[DATA PROVIDED]
┌──

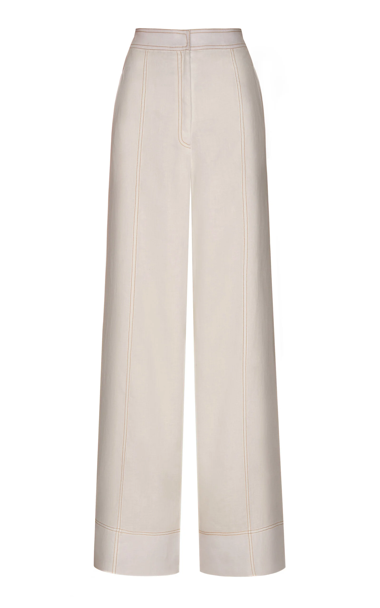 PRODUCT DETAILS - Regular fit, high rise, wide leg silhouette - Button and Zip Closure - Lined - Composition: 100% Linen - Color: white - Dry Clean Only - Fall-Winter '25
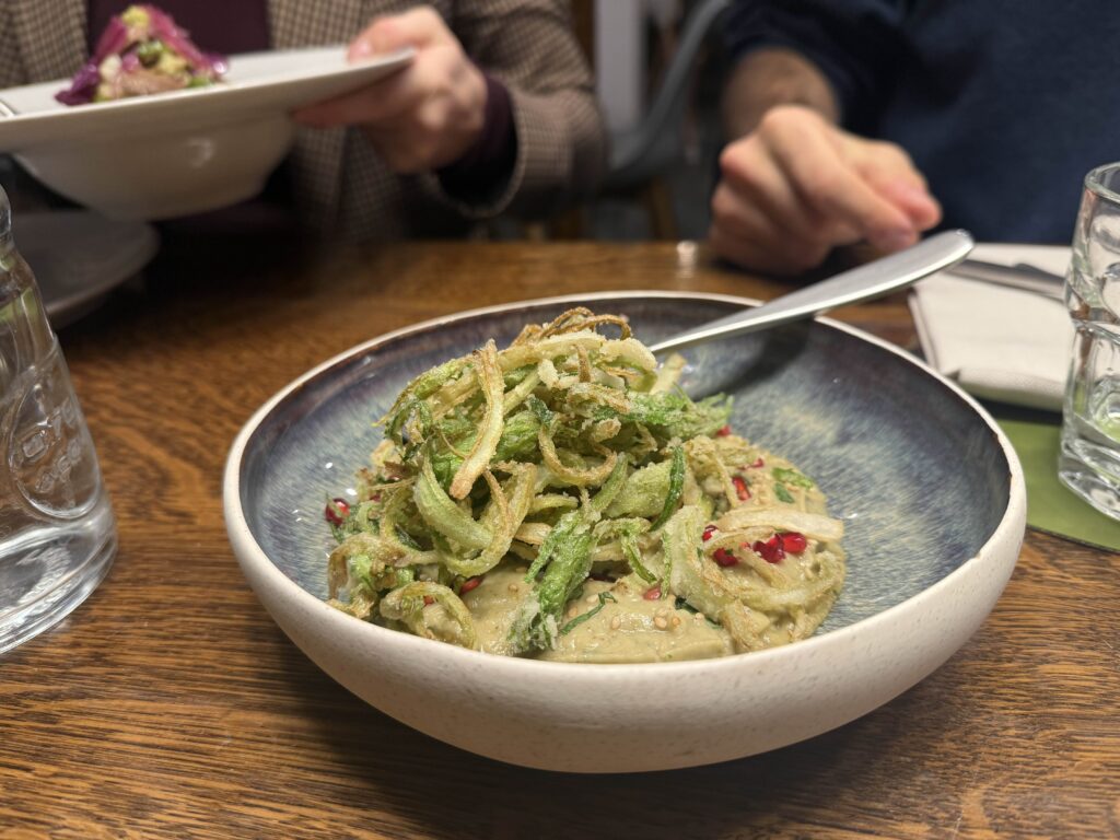 Molto riusciti anche i fusilloni con salsiccia, zucca, finferli e ‘nduja: un piatto che ha carattere, perfetto per chi ama il piccante ma senza mai perdere delicatezza. I sapori si bilanciano bene tra loro, con la zucca che arrotonda e la ‘nduja che dà la spinta ideale senza sovrastare. Chiudiamo poi con la pasta cacio, pepe, cruschi e carciofi fritti: una rivisitazione di un grande classico romano che funziona alla perfezione. Cremosa, saporita, con i cruschi a dare croccantezza e i carciofi fritti a completarla in maniera elegante e piacevole.
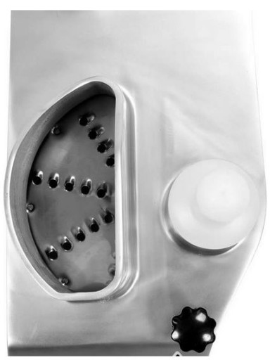 Załadunek warzyw możliwy jest poprzez główny, owalny otwór wsadowy o wymiarach 175x80mm z wygodnym popychaczem dźwigniowym lub poprzez mały otwór okrągły o średnicy 50mm z popychaczem ręcznym.

└──

[WORK REQUEST] A faithful copy of all the lines above is needed, with the pictures omitted.

[SOLUTION]
 PRODUCT DETAILS - Regular fit, high rise, wide leg silhouette - Button and Zip Closure - Lined - Composition: 100% Linen - Color: white - Dry Clean Only - Fall-Winter '25
 Molto riusciti anche i fusilloni con salsiccia, zucca, finferli e ‘nduja: un piatto che ha carattere, perfetto per chi ama il piccante ma senza mai perdere delicatezza. I sapori si bilanciano bene tra loro, con la zucca che arrotonda e la ‘nduja che dà la spinta ideale senza sovrastare. Chiudiamo poi con la pasta cacio, pepe, cruschi e carciofi fritti: una rivisitazione di un grande classico romano che funziona alla perfezione. Cremosa, saporita, con i cruschi a dare croccantezza e i carciofi fritti a completarla in maniera elegante e piacevole.
 Załadunek warzyw możliwy jest poprzez główny, owalny otwór wsadowy o wymiarach 175x80mm z wygodnym popychaczem dźwigniowym lub poprzez mały otwór okrągły o średnicy 50mm z popychaczem ręcznym.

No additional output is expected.